A mention in the 10.2 release notes would have been
nice as well.
Dave Erstad
Honeywell SSEC
DERSTAD@cim-vax.honeywell.comderstad@CIM-VAX.HONEYWELL.COM ("DAVE ERSTAD") (12/13/89)
One last note: To use Adam's workaround on an SR9 compile, change "c_param" to "val_param, d0_return". They are equivalent but the former is not supported at SR9. Of course, you only need to do this if you need code than runs at both SR9 and 10 (as we do).
oj@apollo.HP.COM (Ellis Oliver Jones) (12/13/89)
In article <8912111825.AA06689@umix.cc.umich.edu> derstad@CIM-VAX.HONEYWELL.COM ("DAVE ERSTAD") writes: > >I found there is a patch on the November patch tape that sounds >suspiciously like this problem but only applies to SAU2, 3, and 5 >machines. I haven't gotten any word back from the Apollo >hotline yet. Hmm, either your definition of the term "November Patch Tape" is different from ours, or you have a strange tape. As far as I can tell, there wasn't a Prism November patch tape, and the Moto tape contained only patches related to the X Window System. /oj (speaking for myself, not necessarily for HP Apollo)

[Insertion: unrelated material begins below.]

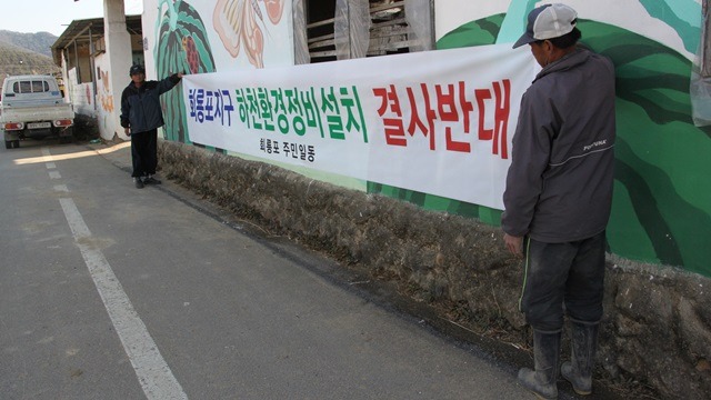 “만약에 홍수 대책으로 우리 동네에 이만치 제방을 쌓는다면 무의미한기라. 가만 내두어도 (물이) 안 드는데 왜 제방을 쌓느냐 이 말이지, (물이)들어 봐야 가에 한 필지 정도 드는데, 이 구간도 다 들어가는 게 아니고 이 높은 구간은 물 갈 생각도 않는데,““앉아서 지도위에 낙서를 했느냐 ? 이 그림이 뭐냐? 볼펜 가는 대로 그린 거 아니냐?” “옛날에 홍수 피해 많이 보고 그랬으면 제방 해달라고 벌써 건의를 했을 거다. 홍수 때문에 도저히 못사니까. 다른 동네 다하고 여기만 빠져먹었거든, 우리 동네 여기만, 당장 급할 것 같으면 벌써 했을 건데 필요 없으니까 안한 거 아닌가? 물도 안 들어가는데 제방은 폼으로 하냐는 거지 내말은.” “이거 피해본다고 하면 땅 다 들어가면 피해보나마나, 가만 나둬도 피해 볼 것도 없고, 제방은 갈구치기만 갈구치지, 제방 안에 땅만 못쓰게 만드는 거지. 살아보지도 않고 어떻게 그렇게 잘 압니까? 제방을 해야 된다 안해야 된다.”

derstad@CIM-VAX.HONEYWELL.COM ("DAVE ERSTAD") (12/14/89)
> >I found there is a patch on the November patch tape that sounds > >suspiciously like this problem but only applies to SAU2, 3, and 5 > >machines. I haven't gotten any word back from the Apollo > >hotline yet. > > Hmm, either your definition of the term "November Patch Tape" is different > from ours, or you have a strange tape. As far as I can tell, there > wasn't a Prism November patch tape, and the Moto tape contained > only patches related to the X Window System. The patch tape had release notes labeled Patch_M68K_8911 Release Notes There were many non-X patches (over half, I'm sure). The bulk seemed to fix sau7/DN4500 problems. The patch in question was unrelated to the problem, however. Dave Erstad Honeywell SSEC DERSTAD@cim-vax.honeywell.com
oj@apollo.HP.COM (Ellis Oliver Jones) (12/19/89)
In article <8912141641.AA09668@umix.cc.umich.edu> Dave Erstad took issue with my posting: >> Hmm, either your definition of the term "November Patch Tape" is different >> from ours, or you have a strange tape. As far as I can tell, there >> wasn't a Prism November patch tape, and the Moto tape contained >> only patches related to the X Window System. Dave wrote: >There were many non-X patches (over half, I'm sure). The bulk seemed >to fix sau7/DN4500 problems. He's right. The patch tapes are cumulative, of course. I feel unnaturally possessive about the November tape because I prepared the only two NEW patches on it. Sorry for the wrong info. /Ollie Jones.